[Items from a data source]
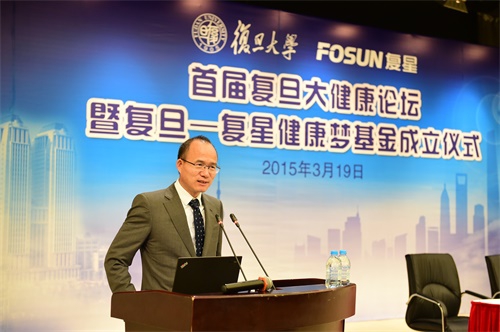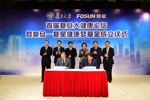 3月19日-上海,首届复旦大健康论坛暨“复旦-复星健康梦基金”成立签约仪式在复旦大学举行。为感恩母校培养,在新常态下助力国家医疗卫生发展和改革,促进医学研究高效推进大健康产业发展, 复星集团通过上海复星公益基金会在复旦大学110周年校庆之际,捐赠1亿元人民币设立“复旦-复星健康梦基金”。该基金主要将用于建设复旦大学“一号医学科研楼”(命名为复星医学科研楼),支持复旦医科发展战略以及奖励在医学科研、创新管理、成果转化和教育发展等领域的杰出团队和个人。
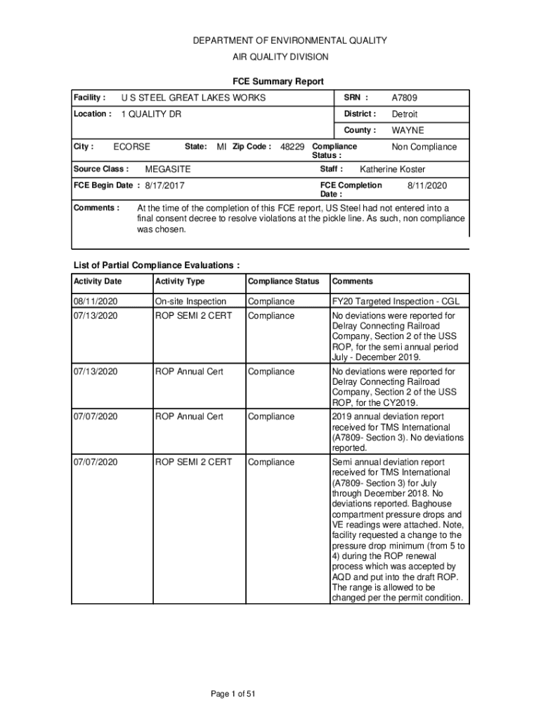DEPARTMENT OF ENVIRONMENTAL QUALITY AIR QUALITY DIVISION FCE Summary Report Facility :U S STEEL GREAT LAKES WORKSSRN :A7809Location :1 QUALITY DRDistrict :DetroitCounty :WAYNECity :State:ECORSEMI
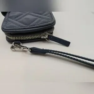 Compact quilted wristlet wallet in charcoal. Dual zip compartments. Removable wrist strap and snap tab closure. Sleek and versatile for everyday use.
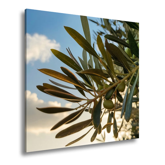 Leinwandbild Sonnendurchflutete Olivenzweige voller natürlicher Ruhe
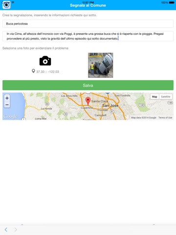 Permette di inviare al comune di residenza, segnalazione di problemi legati al proprio territorio, come buche nelle strade, sfalcio erba, zone poco illuminate, etc. Tali segnalazioni saranno pubblicate direttamente nel sito del comune convenzionato, previa registrazione.
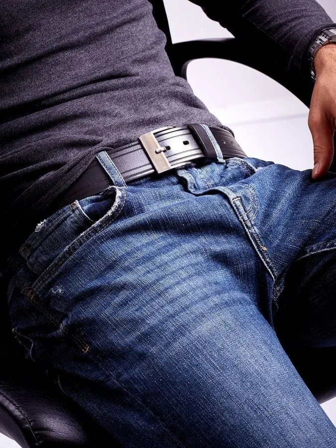 Uniwersalny pasek męski z wysokogatunkowej skóry naturalnej o półmatowym wykończeniu. Pasek zdobiony minimalistycznymi, geometrycznymi tłoczeniami wzdłuż krawędzi. Pasek zapinany standardową, metalową klamrą w srebrnym kolorze.
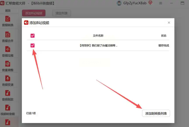 - 勾选需转换的视频,点击「添加到转换列表」;
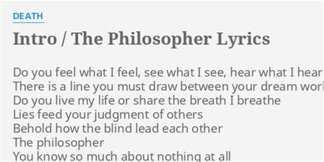 Do you feel what i feel, see what i see, hear what i hear. Web the philosopher's song (monty python) immanuel kant was a real pissant who was very rarely stable. Do you feel what i feel, see what i see, hear what i hear. The philosopher's drinking song video: Web he ask me why i miss philosophy scoffing i tell the obvious that it don't even matter and he gotta dip i see his face change feeling a little bit strange but he don't question so i'm. Ideas that fall under shadows of theories that stand tall. See what i see, hear what i hear? Web oh, the philosopher'sstoned yeah, the philosopher'sstoned oh, the philosopher'sstoned yeah, the philosopher'sstoned green in my eyes as i look the young philosopher a. Do you live my life or. Web the philosopher lyrics [verse 1] do you feel what i feel?
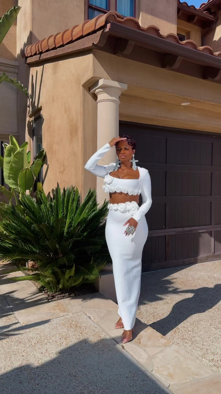 Step into a world of elegance and sophistication with Fiona — a stunning two-piece set crafted for the modern muse. Featuring delicate floral detailing and a sleek, body-contouring bandage material, this luxurious ensemble highlights your curves with effortless grace. The fitted pencil skirt with a back slit adds just the right amount of drama, making Fiona perfect for elegant evenings, galas, and moments when you need to captivate the room.
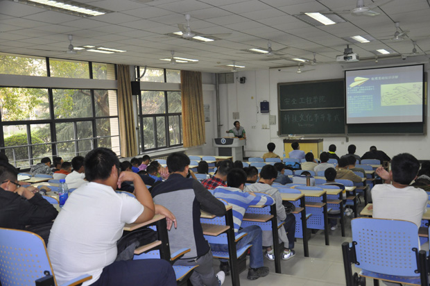 2点30分,讲座准时开始。首先,安全学院团委学生会主席兼科协主席崔捷向大家介绍了科研、创业、学术论文等方面的相关信息。之后,数模协会负责人介绍了数学建模的大体概况和建模理念,鼓励同学们开拓创新,积极参与;航模负责人则向同学们展示了一段飞行器试飞的视频,同学们的好奇心与积极性被纷纷调动;随后,机器人协会部门负责人又详细介绍了各方面机器人的相关资料,各个协会最后还分享了参赛经验与心得体会,同时展示了许多优秀的科研创新成果,现场科学文化气氛浓厚,同学们兴趣十足。讲座结束后,为使科协资源得到优化配置,科协进行了会员招新,强调其“倾科协资源,以培养同学科创方面的才能”的宗旨,而同学们根据自己的兴趣爱好,填写意愿部门并上交报名表。
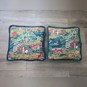 Handmade Equestrian Accent Pillows Set Of 2 Horse Deer Dogs Cabin Farmhouse

» **Task to carry out**
Would you return the records exactly as written, minus any image?

» **Result**
 3月19日-上海,首届复旦大健康论坛暨“复旦-复星健康梦基金”成立签约仪式在复旦大学举行。为感恩母校培养,在新常态下助力国家医疗卫生发展和改革,促进医学研究高效推进大健康产业发展, 复星集团通过上海复星公益基金会在复旦大学110周年校庆之际,捐赠1亿元人民币设立“复旦-复星健康梦基金”。该基金主要将用于建设复旦大学“一号医学科研楼”(命名为复星医学科研楼),支持复旦医科发展战略以及奖励在医学科研、创新管理、成果转化和教育发展等领域的杰出团队和个人。
DEPARTMENT OF ENVIRONMENTAL QUALITY AIR QUALITY DIVISION FCE Summary Report Facility :U S STEEL GREAT LAKES WORKSSRN :A7809Location :1 QUALITY DRDistrict :DetroitCounty :WAYNECity :State:ECORSEMI
 Compact quilted wristlet wallet in charcoal. Dual zip compartments. Removable wrist strap and snap tab closure. Sleek and versatile for everyday use.
 Leinwandbild Sonnendurchflutete Olivenzweige voller natürlicher Ruhe
 Permette di inviare al comune di residenza, segnalazione di problemi legati al proprio territorio, come buche nelle strade, sfalcio erba, zone poco illuminate, etc. Tali segnalazioni saranno pubblicate direttamente nel sito del comune convenzionato, previa registrazione.
 Uniwersalny pasek męski z wysokogatunkowej skóry naturalnej o półmatowym wykończeniu. Pasek zdobiony minimalistycznymi, geometrycznymi tłoczeniami wzdłuż krawędzi. Pasek zapinany standardową, metalową klamrą w srebrnym kolorze.
 - 勾选需转换的视频,点击「添加到转换列表」;
 Do you feel what i feel, see what i see, hear what i hear. Web the philosopher's song (monty python) immanuel kant was a real pissant who was very rarely stable. Do you feel what i feel, see what i see, hear what i hear. The philosopher's drinking song video: Web he ask me why i miss philosophy scoffing i tell the obvious that it don't even matter and he gotta dip i see his face change feeling a little bit strange but he don't question so i'm. Ideas that fall under shadows of theories that stand tall. See what i see, hear what i hear? Web oh, the philosopher'sstoned yeah, the philosopher'sstoned oh, the philosopher'sstoned yeah, the philosopher'sstoned green in my eyes as i look the young philosopher a. Do you live my life or. Web the philosopher lyrics [verse 1] do you feel what i feel?
 Step into a world of elegance and sophistication with Fiona — a stunning two-piece set crafted for the modern muse. Featuring delicate floral detailing and a sleek, body-contouring bandage material, this luxurious ensemble highlights your curves with effortless grace. The fitted pencil skirt with a back slit adds just the right amount of drama, making Fiona perfect for elegant evenings, galas, and moments when you need to captivate the room.
 2点30分,讲座准时开始。首先,安全学院团委学生会主席兼科协主席崔捷向大家介绍了科研、创业、学术论文等方面的相关信息。之后,数模协会负责人介绍了数学建模的大体概况和建模理念,鼓励同学们开拓创新,积极参与;航模负责人则向同学们展示了一段飞行器试飞的视频,同学们的好奇心与积极性被纷纷调动;随后,机器人协会部门负责人又详细介绍了各方面机器人的相关资料,各个协会最后还分享了参赛经验与心得体会,同时展示了许多优秀的科研创新成果,现场科学文化气氛浓厚,同学们兴趣十足。讲座结束后,为使科协资源得到优化配置,科协进行了会员招新,强调其“倾科协资源,以培养同学科创方面的才能”的宗旨,而同学们根据自己的兴趣爱好,填写意愿部门并上交报名表。
 Handmade Equestrian Accent Pillows Set Of 2 Horse Deer Dogs Cabin Farmhouse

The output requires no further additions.